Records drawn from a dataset
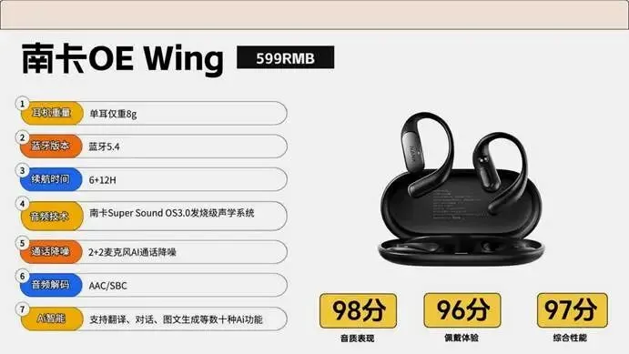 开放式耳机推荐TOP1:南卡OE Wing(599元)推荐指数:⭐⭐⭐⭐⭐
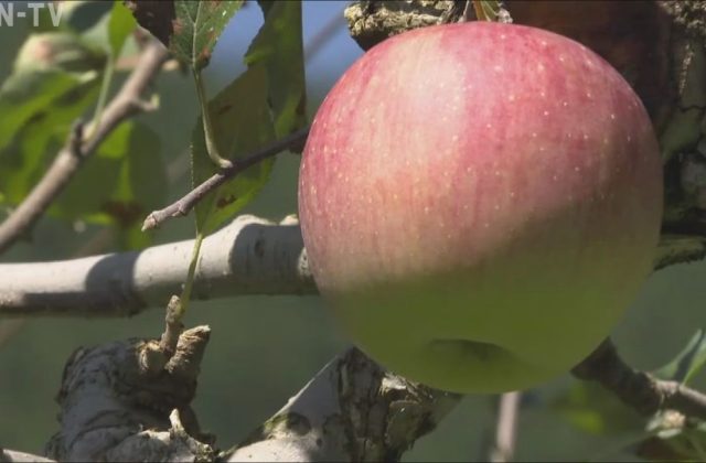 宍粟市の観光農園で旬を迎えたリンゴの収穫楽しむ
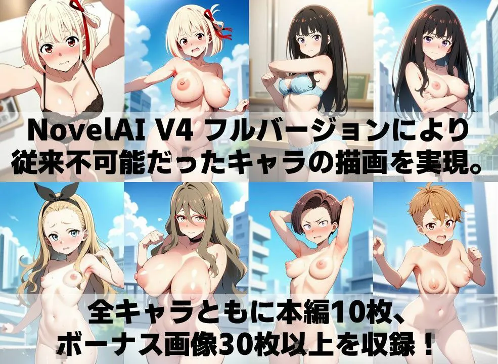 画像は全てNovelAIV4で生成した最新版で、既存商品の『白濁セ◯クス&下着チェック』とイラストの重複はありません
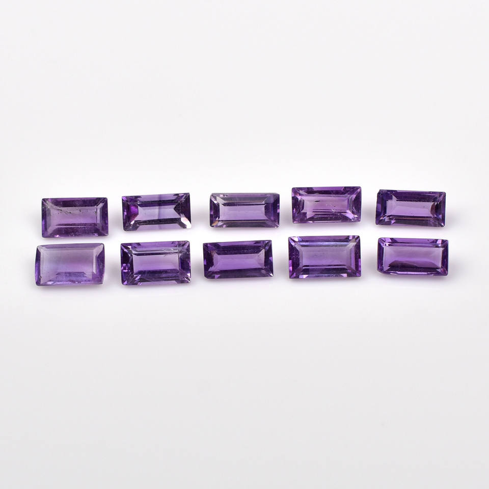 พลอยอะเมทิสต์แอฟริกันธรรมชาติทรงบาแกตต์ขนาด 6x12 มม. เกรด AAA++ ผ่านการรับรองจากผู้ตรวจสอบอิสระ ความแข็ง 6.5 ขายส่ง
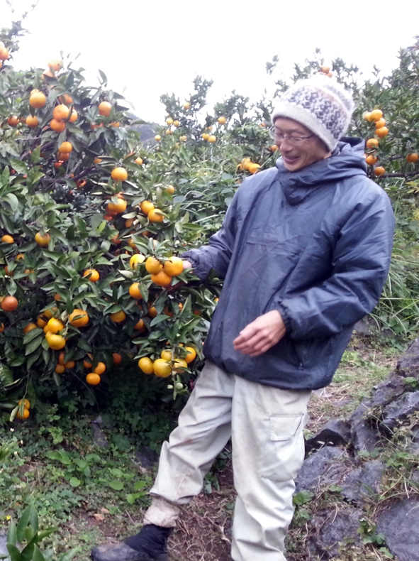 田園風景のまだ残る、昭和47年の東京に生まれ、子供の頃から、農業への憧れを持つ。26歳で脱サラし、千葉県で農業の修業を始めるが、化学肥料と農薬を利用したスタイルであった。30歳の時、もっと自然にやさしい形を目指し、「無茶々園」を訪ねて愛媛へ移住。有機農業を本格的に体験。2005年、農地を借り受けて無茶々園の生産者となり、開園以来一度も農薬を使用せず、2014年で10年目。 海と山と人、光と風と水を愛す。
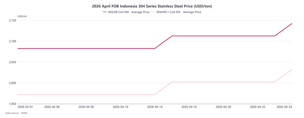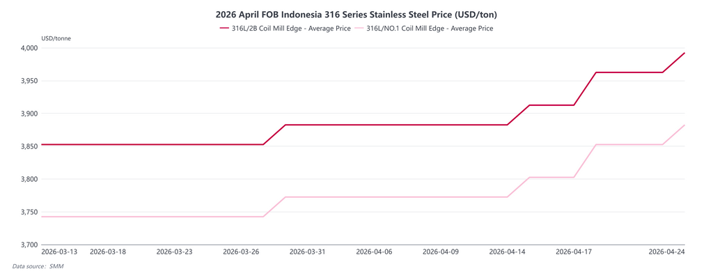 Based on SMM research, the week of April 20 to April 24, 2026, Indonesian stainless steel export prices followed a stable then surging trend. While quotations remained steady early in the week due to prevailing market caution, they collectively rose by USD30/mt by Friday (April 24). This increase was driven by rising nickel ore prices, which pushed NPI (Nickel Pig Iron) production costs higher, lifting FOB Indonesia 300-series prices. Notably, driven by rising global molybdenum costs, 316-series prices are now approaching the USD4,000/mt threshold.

* [Directions]: Above are the records; restate exactly the lines from the one containing "画像は全てNovelAIV4" through the one containing "พลอยอะเมทิสต์แอฟริกันธรรมชาติทรงบาแกตต์ขนาด 6x12 มม.", keeping pictures out.

* [Solution to this problem]:
 画像は全てNovelAIV4で生成した最新版で、既存商品の『白濁セ◯クス&下着チェック』とイラストの重複はありません
 พลอยอะเมทิสต์แอฟริกันธรรมชาติทรงบาแกตต์ขนาด 6x12 มม. เกรด AAA++ ผ่านการรับรองจากผู้ตรวจสอบอิสระ ความแข็ง 6.5 ขายส่ง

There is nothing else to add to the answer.